**What the task asks:**
Below are records with pictures; copy word for word only the lines between the line with "Obraz premium Earth" and the line with "1pair Valentine's Day", inclusive, and drop the pictures.

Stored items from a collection
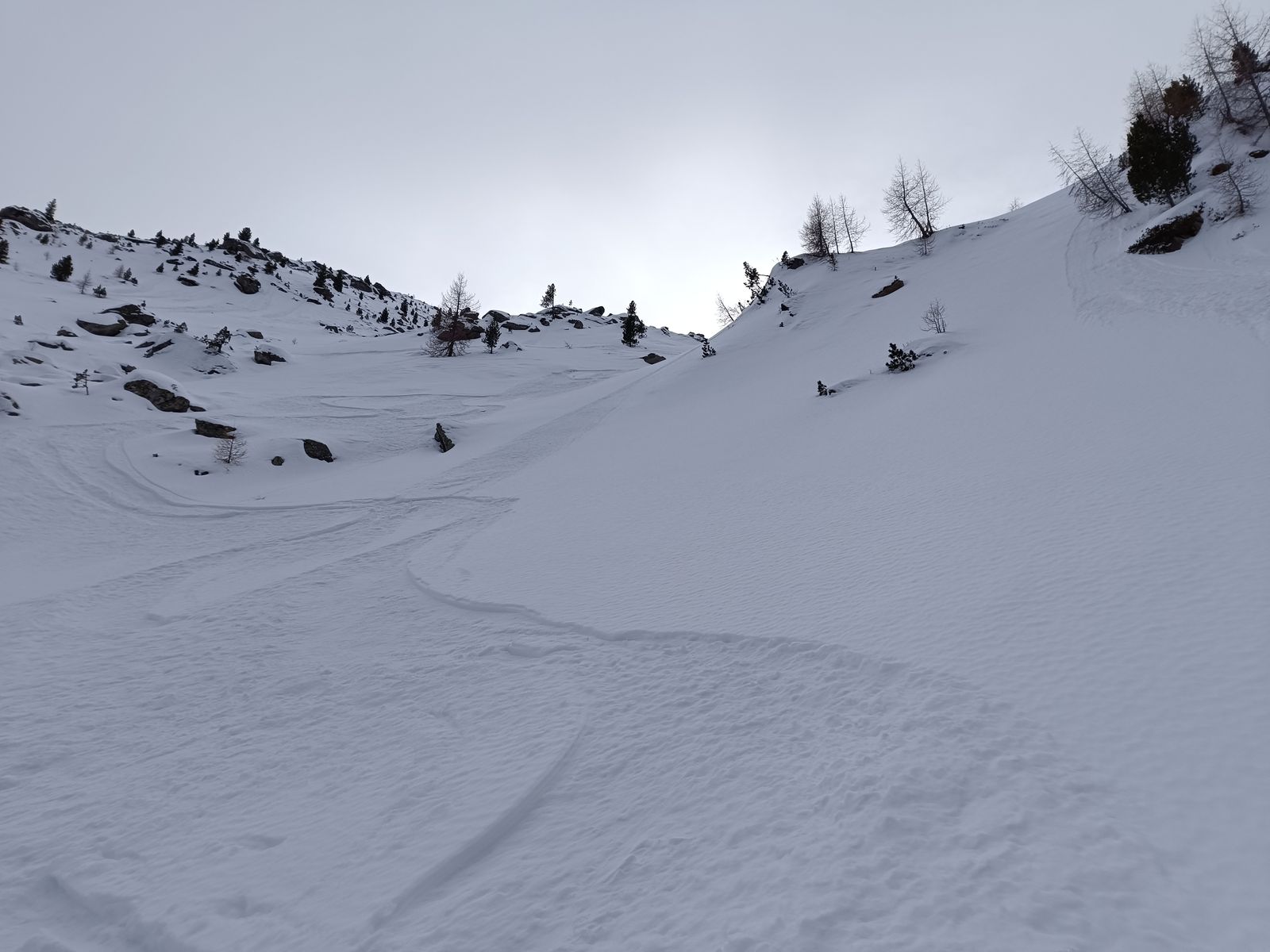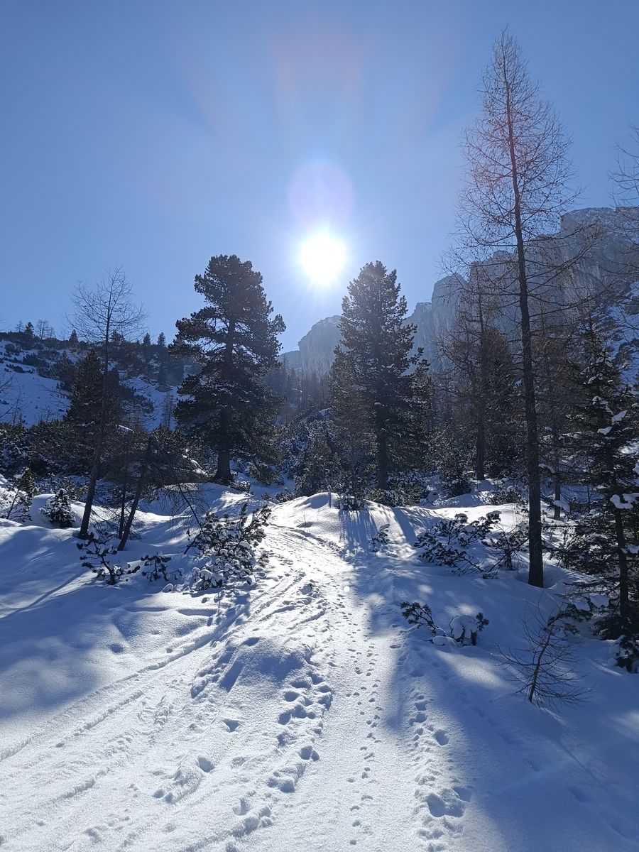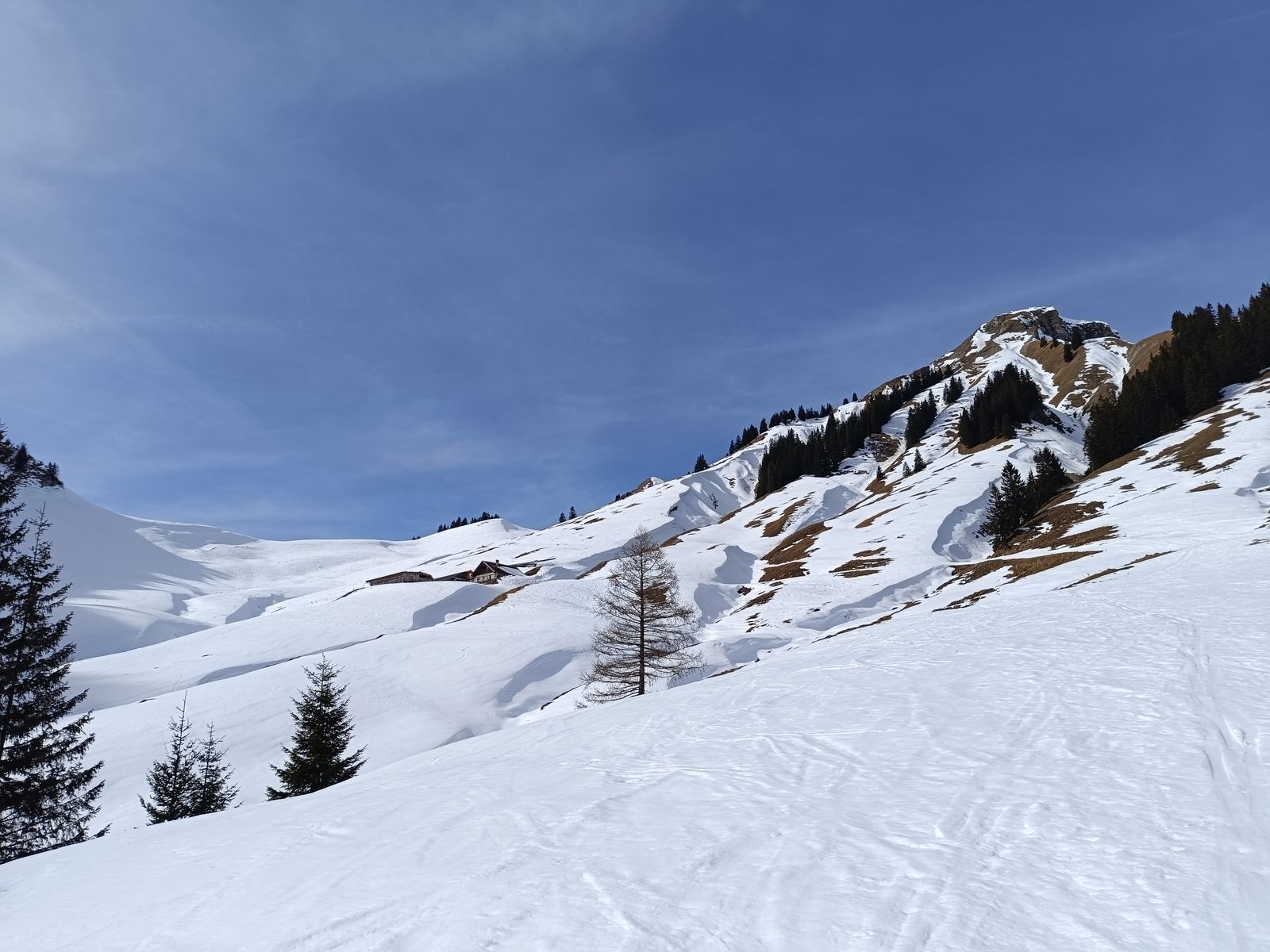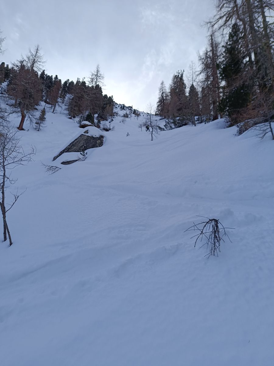 Talabfahrt: Normalerweise ist es üblich vom Tanz- bzw. Schwarzkarkogel über eine der steilen Waldschneisen zur Karalm abzufahren, aber die haben unten raus nur sehr wenig Schnee. Daher ist es momentan besser, sich nach dem Gipfelhang weit rechts zu halten und über die Karhochalm in der Unteren Grund zu gelangen (man passiert dabei den Abzweig zum Westeracherkogel).
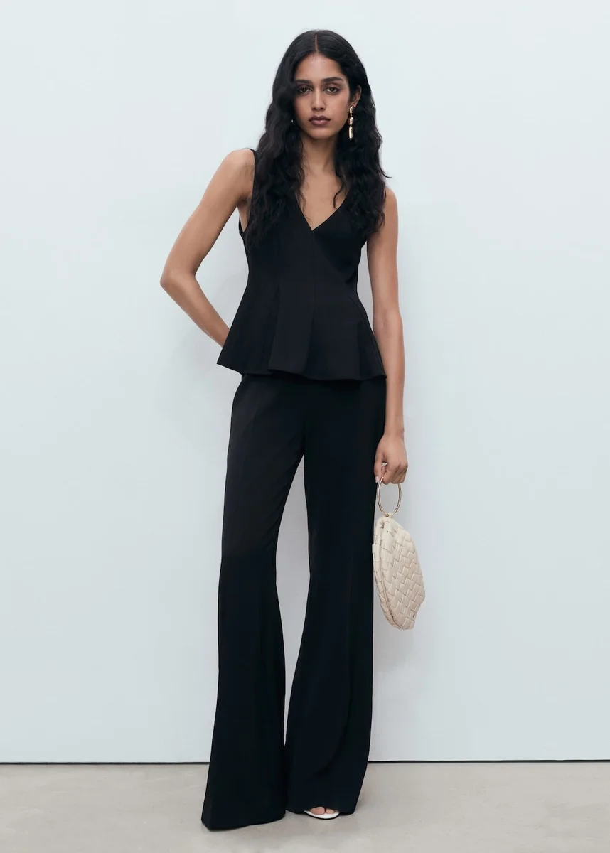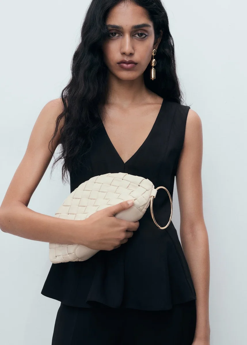 Realizzato in tessuto misto lyocell, questo top presenta un taglio peplum con scollo a V e spalline larghe. Include una chiusura con cerniera laterale e una fodera interna
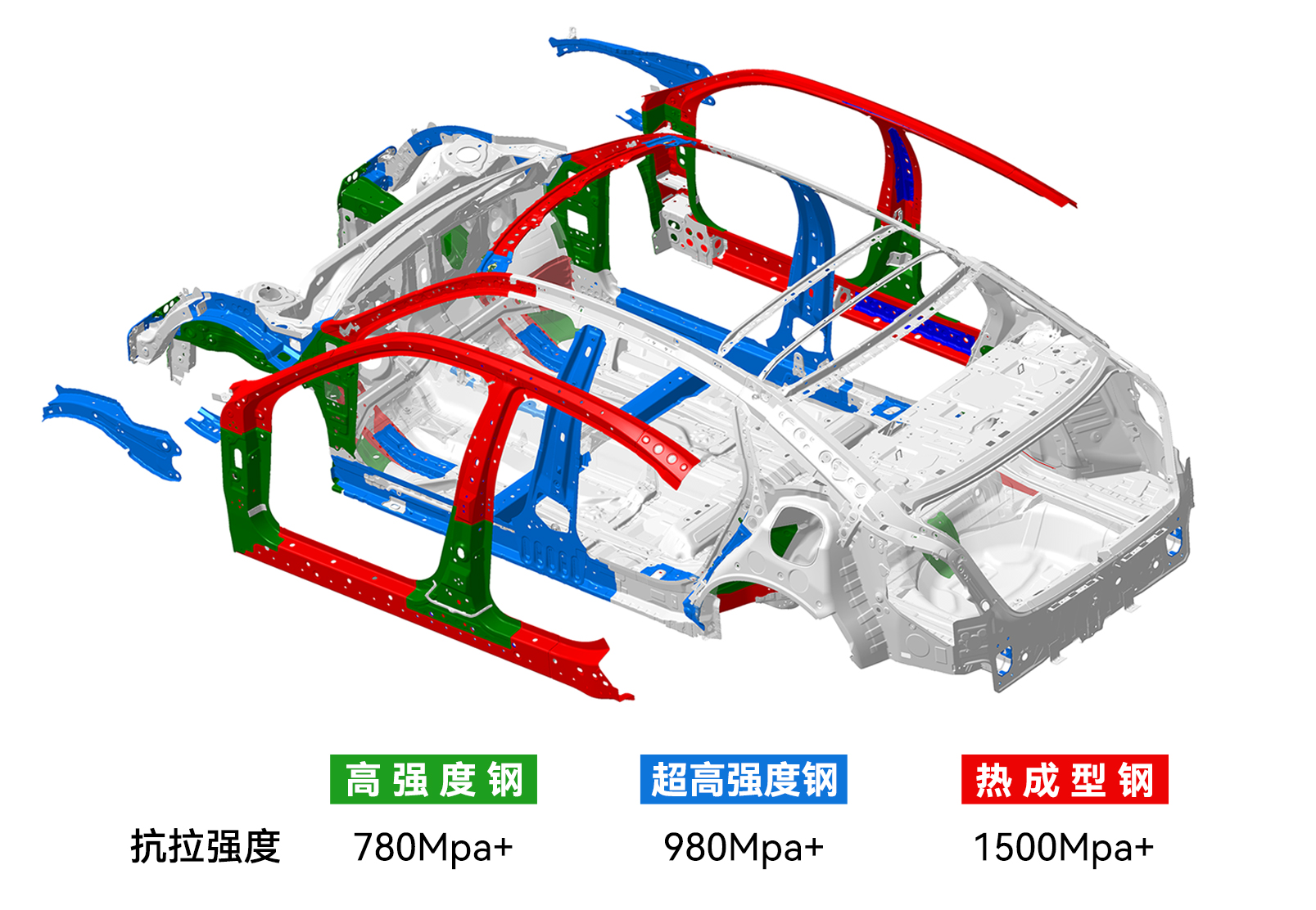 车身用料是隐形保障:框架超60%为高强度钢与热成型钢,A柱、B柱等关键部位用抗拉强度1500MPa以上的热成型钢,每平方厘米承1.5吨力,既能提升安全,又能抵抗改装和激烈驾驶时的形变,对比同级别用普通低碳钢的做法,更让用户安心。
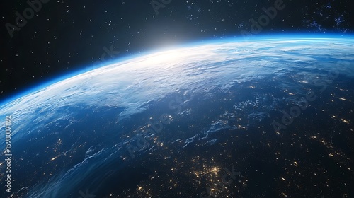 Obraz premium Earth View From Space Showing City Lights and Atmospheric Sunrise
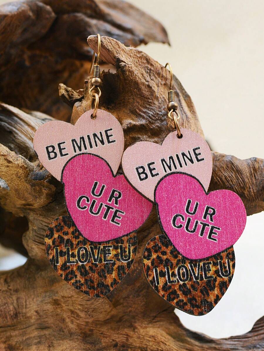 1pair Valentine's Day Wooden Printed Love Ear Studs & Heart-Shaped Alphabet Ear Studs & Be Mine Alphabet Ear Studs & Leopard Print Ear Studs
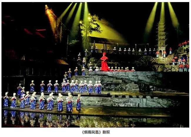 其实,这个方法之前也曾多次使用。不过这次的实践让笔者发现,很多情况下声音的独特效果可以根据舞美场景,甚至利用舞美装置的特性来实现。这一点以后也可以继续跟音响师们研究探讨,从中发现、挖掘并再现出契合戏剧创意的声音效果。例如,国外有的录音棚用老教堂或者工厂厂房改造,以得到想要的声音效果,包括好莱坞的电影录音。这具有无限拓展的可能性,因为每一种声音在不同的空间都会是不同的,关键也在于音响师是否有主观创新的想法,毕竟对于多数戏剧音响设计来说,音响师首先要保证的是戏剧对声音的基本要求,然后才是个性化需求。另外,音响师对舞美空间的解读也尤为重要,举个例子,几年前参加湖南凤凰的《烟雨凤凰》实景演出项目的舞美设计,景的纵深有50 m多,一侧是用于造景的山,一侧是吊脚楼,中间风雨桥作为两者的连接,远处纵深就是利用实景的山和树林。该剧的音响师就根据这样一个悠远的空间环境,制造从左到右的声像差,形成由远及近的声音效果,的确让观众感受到了空间距离上声音传递效果,十分契合舞美所营造出的氛围。

**Exercise result:**
 Obraz premium Earth View From Space Showing City Lights and Atmospheric Sunrise
 1pair Valentine's Day Wooden Printed Love Ear Studs & Heart-Shaped Alphabet Ear Studs & Be Mine Alphabet Ear Studs & Leopard Print Ear Studs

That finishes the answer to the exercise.